- Work to be completed -
Exactly reproduce the lines from the line bearing "Kargo Etiketi |" through the end of the listing, inclusive of both; pictures are to be omitted.

- Material provided -
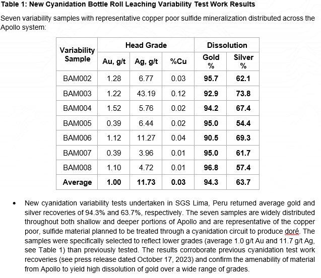 As a reminder, based on previous work completed, the Company envisions a conventional split circuit for processing material from Apollo with the copper rich stream (more than 0.15% copper) being treated through a flotation circuit and the copper poor stream (less than 0.15% copper) being treated through a precious metal focused cyanidation circuit to produce doré. The Company also now expects that a gravity circuit will be included after flotation for recovery of the high-grade tungsten mineralization.
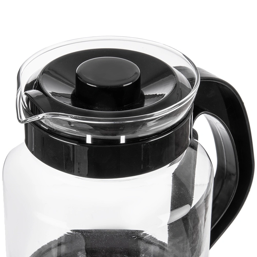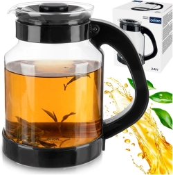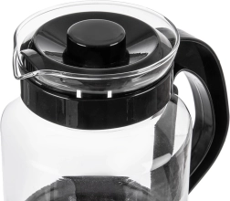 Univerzální skleněný džbán o objemu 2,25 l pro pohodlné přípravu a servírování čaje, kávy i studených nápojů. Vyroben z odolného borosilikátového skla s černým víčkem a ergonomickým uchem pro bezpečné nalévání. Vysoká odolnost vůči teplotám, praktická výlevka a víčko pro udržení čerstvosti dělají z tohoto džbánu skvělou volbu pro každodenní použití doma i v kanceláři.
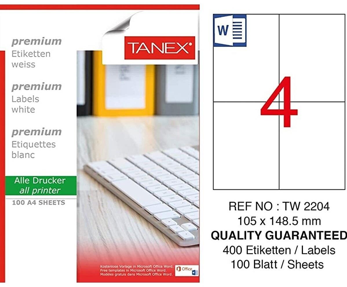 | Etiketler | Bilgisayar Etiketi Tw-2204 105x148,50 mm 100 Lü Lazer Etiket 1 Paket Tanex Davetiye Kargo Etiketi |
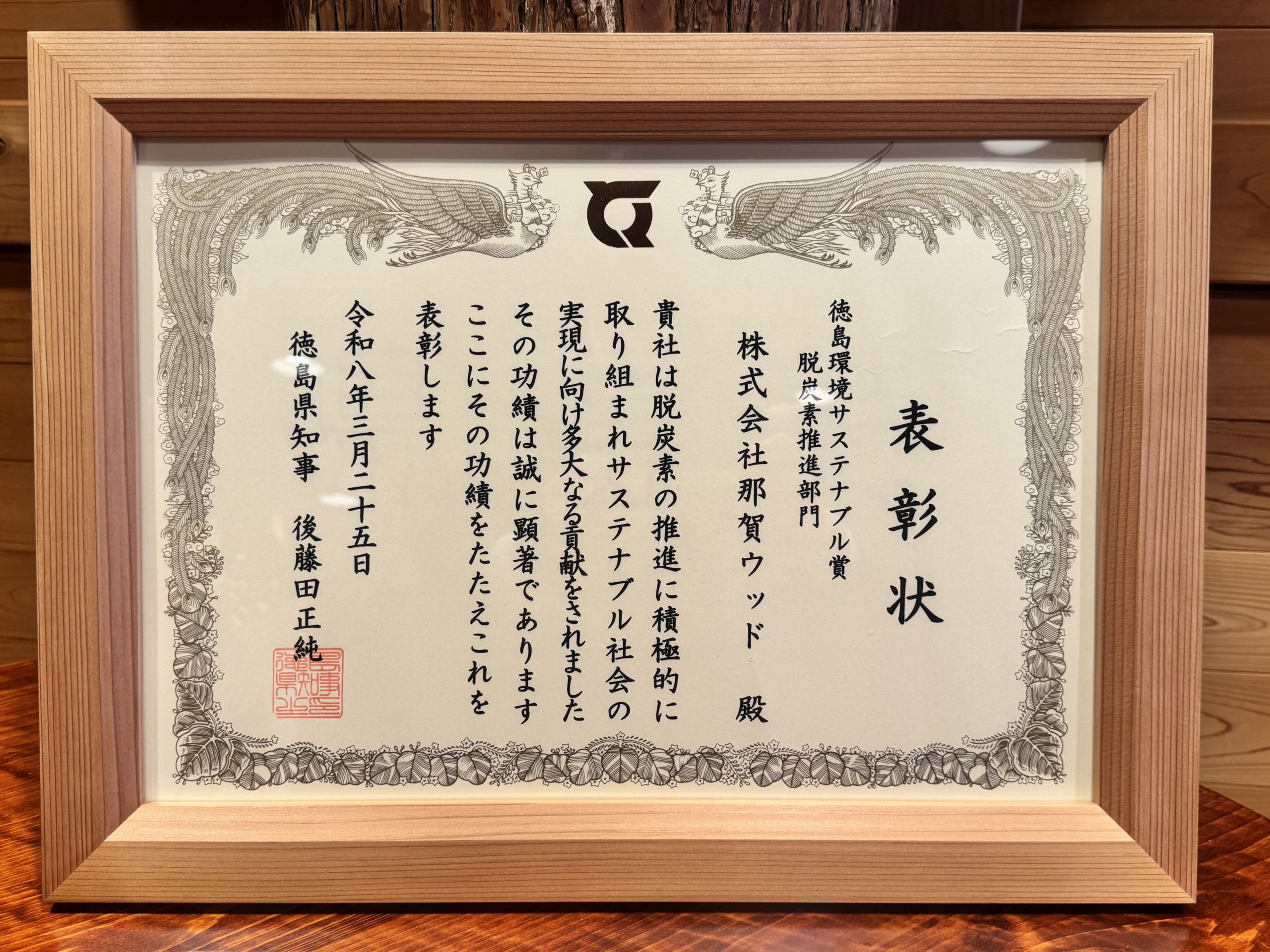 2026年3月25日に徳島県庁にて、「徳島環境サステナブル賞 脱炭素推進部門」をいただきました!

- Solution to the problem -
 | Etiketler | Bilgisayar Etiketi Tw-2204 105x148,50 mm 100 Lü Lazer Etiket 1 Paket Tanex Davetiye Kargo Etiketi |
 2026年3月25日に徳島県庁にて、「徳島環境サステナブル賞 脱炭素推進部門」をいただきました!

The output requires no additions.